4. The method of claim 3, wherein processing said audio signal using a subband filter bank further comprises applying a window to the first frame and the second frame prior to determining the STFT for each respective frame.
5. The method of claim 1, wherein the normalization factor comprises the maximum spectral flux value determined for any frame of the audio signal.
6. The method of claim 1, wherein the magnitude of the normalization factor is reduced gradually over time.
7. The method of claim 1, wherein the audio signal is read from a storage device.
8. The method of claim 1, wherein the audio signal comprises a data stream.
9. The method of claim 8, wherein the data stream is a live data stream received in real time at the time the audio data comprising the audio signal is being generated.
10. The method of claim 1, wherein determining a graded response comprises:
- receiving a parameter indicative of the magnitude of the transient audio event; and
- providing an indication, based at least in part on the value of said parameter, of the extent to which the first portion of the audio signal should be modified.
11. The method of claim 10, wherein said parameter indicative of the magnitude of the transient audio event comprises a spectral flux value associated with said first portion of the audio signal.
12. The method of claim 10, wherein said parameter indicative of the magnitude of the transient audio event comprises a parameter indicative of the magnitude of the transient audio event relative to transient audio events detected, if any, in other portions of the audio signal.
13. The method of claim 12, wherein said parameter indicative of the magnitude of the transient audio event comprises a normalized spectral flux value.
14. The method of claim 10, wherein said indication comprises a modification factor.

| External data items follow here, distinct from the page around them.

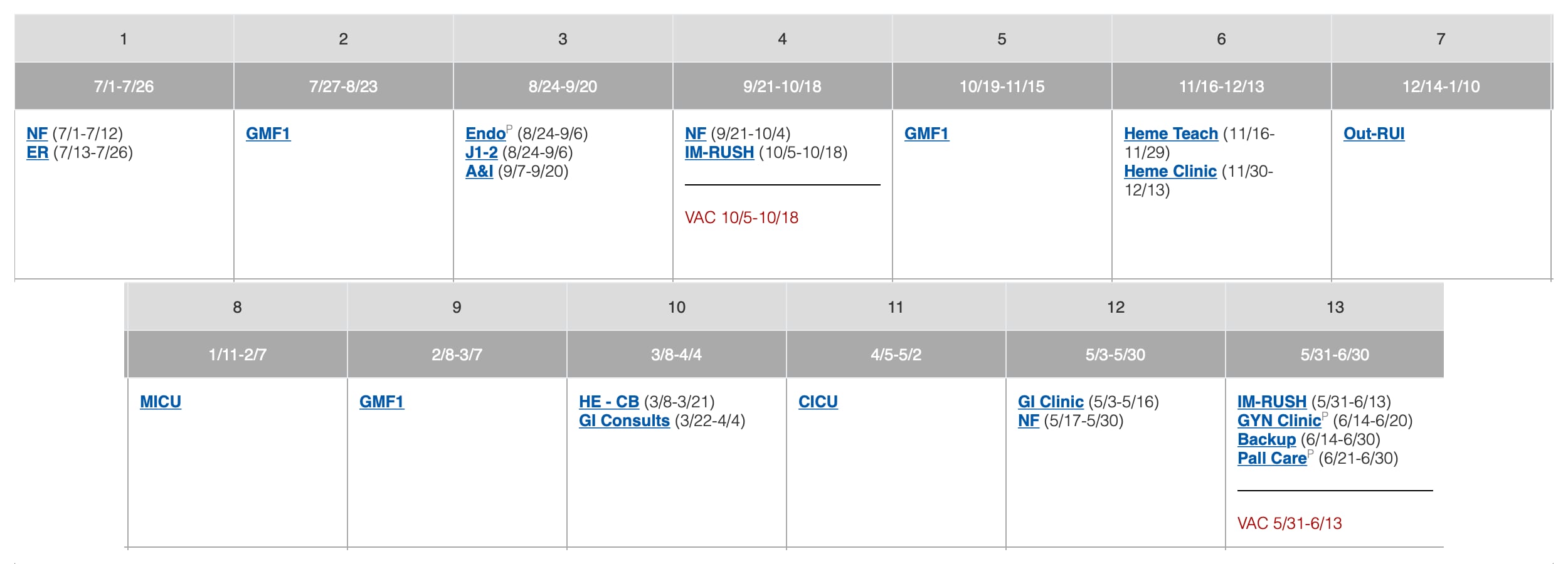 The image to the right is an example of a hypothetical PGY-3 schedule.
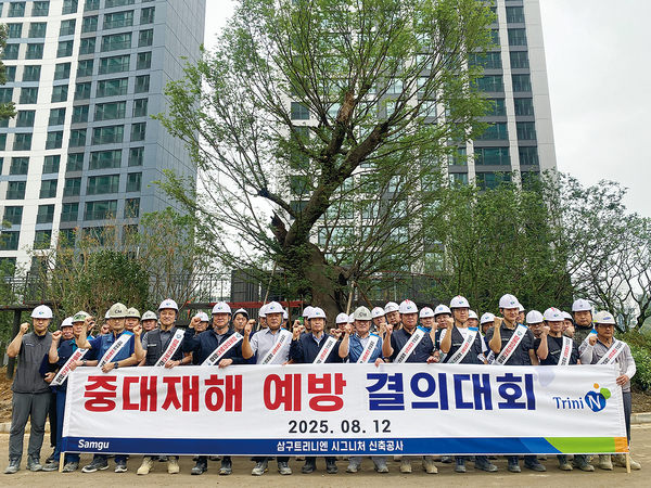 ㈜삼구 트리니엔 시그니처 아파트 현장에서 ㈜삼구 임직원들이 중대재해 예방 결의대회를 개최했다.
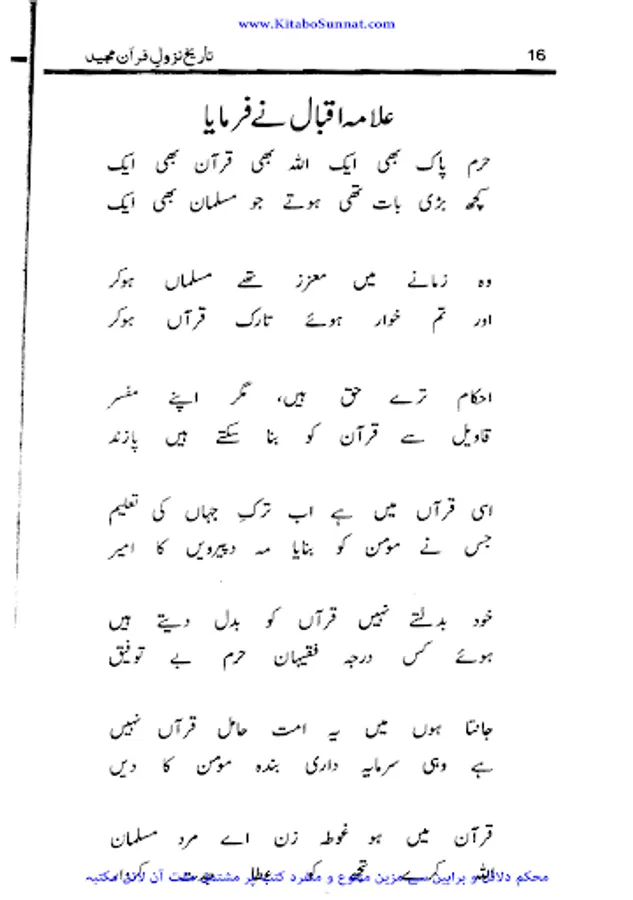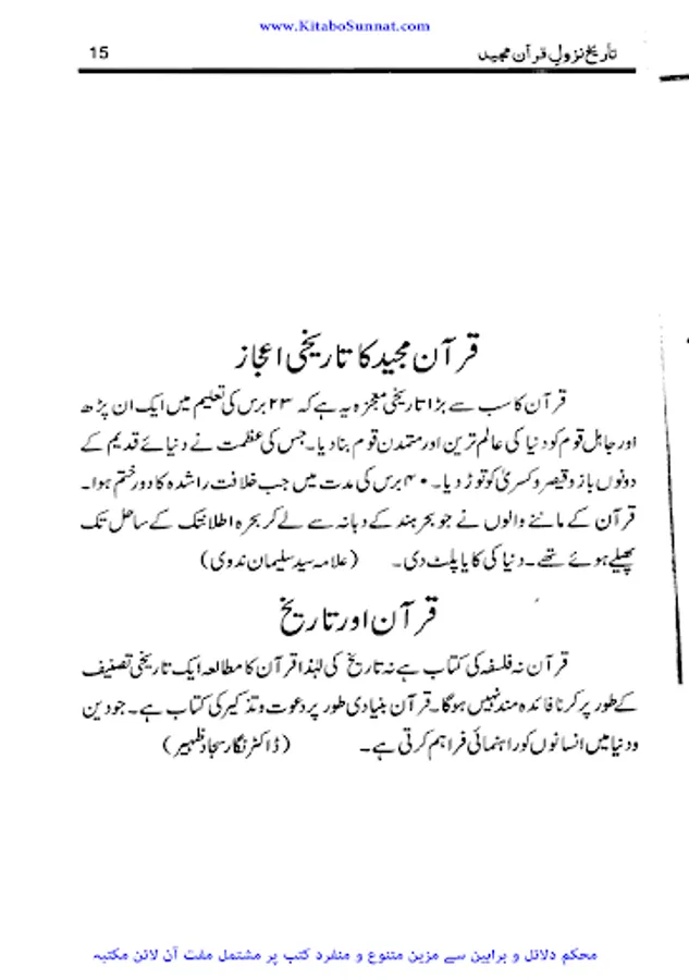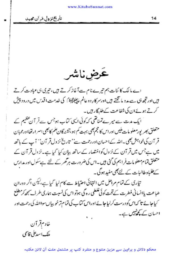 قرآن یا قرآن مجید (عربی میں القرآن الكريم) اسلام کی بنیادی کتاب ہے۔ اسلامی عقیدے کے مطابق قرآن عربی زبان میں تقریباً 23 برس کے عرصے میں محمدﷺ پر نازل ہوا۔ قرآن کے نازل ہونے کے عمل کو وحی کہا جاتا ہے۔ اور یہ کتاب مشہور فرشتے حضرت جبرائیل کے ذریعےامام الانبیاء سیدنا محمدﷺ پر نازل ہوئی۔ مسلمانوں کا بنیادی عقیدہ ہے کہ قرآن میں آج تک کوئی کمی بیشی نہیں ہو سکی اور اسے دنیا کی واحد محفوظ کتاب ہونے کی حیثیت حاصل ہے، جس کا حقیقی مفہوم تبدیل نہیں ہو سکا اور تمام دنیا میں کروڑوں کی تعداد میں چھپنے کے با وجود اس کا متن ایک جیسا ہے۔ اس کی ترتیب نزولی نہیں بلکہ محمدﷺ کی بتائی ہوئی ترتیب کے مطابق ہے۔ زیر تبصرہ کتاب ’’تاریخ نزول قرآن‘‘ وطن عزیز پاکستان کے معروف سیرت نگار و مؤرخ، کالم نگار مصنف کتب کثیرہ جناب مولانا عبد الرشید عراقی ﷾ کی تصنیف ہے۔ اس کتاب میں انہوں نے قرآن مجید کے نزول کو اختصار کے ساتھ بیان کیا ہے اور نزول قرآن کے متعلق تمام معلومات کو یکجا کردیا ہے۔ یہ کتاب سکول اور مدارس کے طلبہ و طالبات اور عام قارئین کے لیے بڑی اہم اور مفید ہے۔ (م۔ا).

15. The method of claim 14, wherein the modification factor is determined by mapping said parameter indicative of the magnitude of the transient audio event to a corresponding value for the modification factor.
16. The method of claim 15, wherein said mapping comprises using a mapping function of which said parameter indicative of the magnitude of the transient audio event comprises an independent variable and said modification factor comprises a dependent variable.
17. The method of claim 16, wherein said mapping function comprises a linear function.
18. The method of claim 16, wherein said mapping function comprises a nonlinear function.
19. The method of claim 16, wherein said mapping function comprises a hyperbolic tangent function.
20. The method of claim 16, wherein said mapping function comprises a piecewise linear approximation of a nonlinear function.
21. The method of claim 16, wherein said mapping function comprises a table lookup.
22. The method of claim 16, wherein said mapping function comprises a coefficient, the value of which determines at least in part the value of the modification factor corresponding to any given value of said parameter indicative of the magnitude of the transient audio event.
23. The method of claim 22, wherein said coefficient is associated with a maximum possible value for said modification factor.
24. The method of claim 22, wherein said coefficient is associated with a threshold value for said parameter indicative of the magnitude of the transient audio event.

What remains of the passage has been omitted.